For the 24 hours to 23:00 GMT, the GBP fell 0.34% against the USD and closed at 1.4334, following disappointing employment report in the UK.
Data showed that average weekly earnings rose by 1.8% in the three months to February, its slowest rate since January last year, after recording a rise of 2.1% during the previous three-month period. Investors were expecting it to increase by 2.3%. Also, the number of people employed rose less-than-expected by 20.0K, the slowest pace of growth since June 2015. Markets were expecting employment to advance by 60.0K, following an increase of 116.0K during the November-January 2016 period. However, UK’s ILO unemployment rate remained steady at a decade low level of 5.1%, in line with market expectations, during the December-February 2016 period.
In the Asian session, at GMT0300, the pair is trading at 1.4333, with the GBP trading marginally lower from yesterday’s close.
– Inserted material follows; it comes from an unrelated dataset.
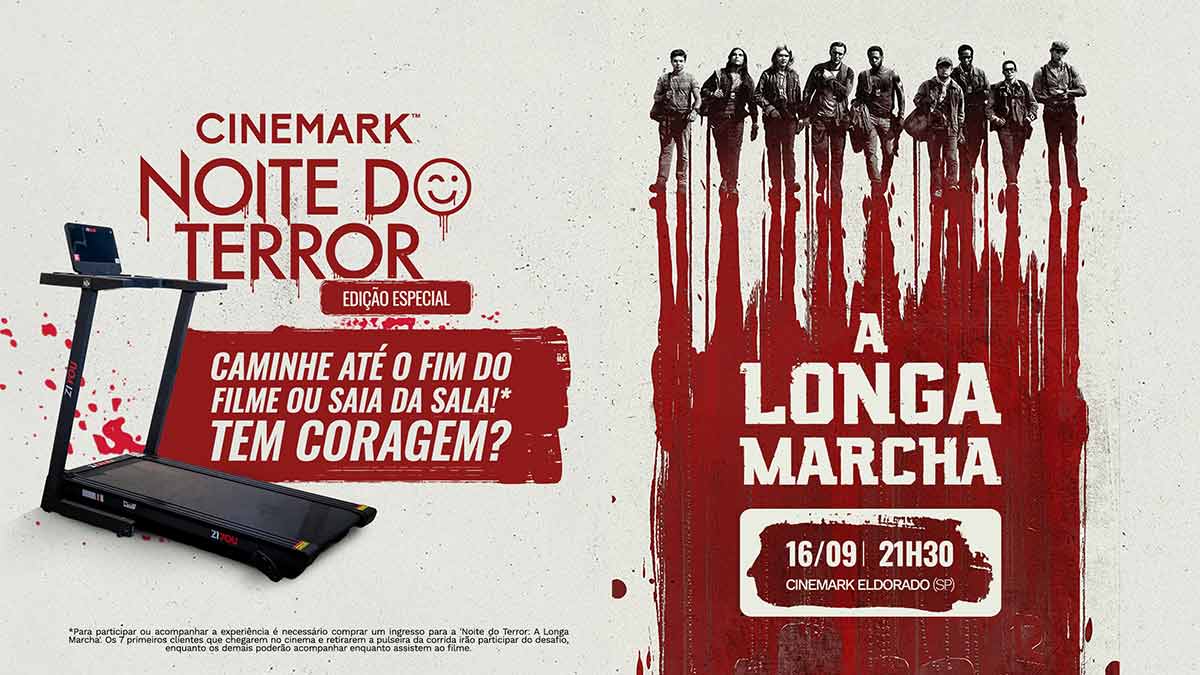 A Noite do Terror Cinemark terá uma edição especial com o filme ‘A Longa Marcha – Caminhe ou Morra’ no dia 16 de setembro, em São Paulo. A sessão única começará às 21h30, na Cinemark Eldorado, e a unidade terá ambientação especial do universo do longa. A venda de ingressos já está disponível no site e app da Rede. Membros Cinemark Club podem aproveitar o benefício do plano Black e resgatar seus ingressos para este evento.

The pair is expected to find support at 1.4299, and a fall through could take it to the next support level of 1.4264. The pair is expected to find its first resistance at 1.4390, and a rise through could take it to the next resistance level of 1.4446.
Going ahead, investors will look forward to the release of Britain’s retail sales and public sector net borrowing data, both for the month of March, scheduled to release in a few hours.
The currency pair is trading below its 20 Hr and 50 Hr moving averages.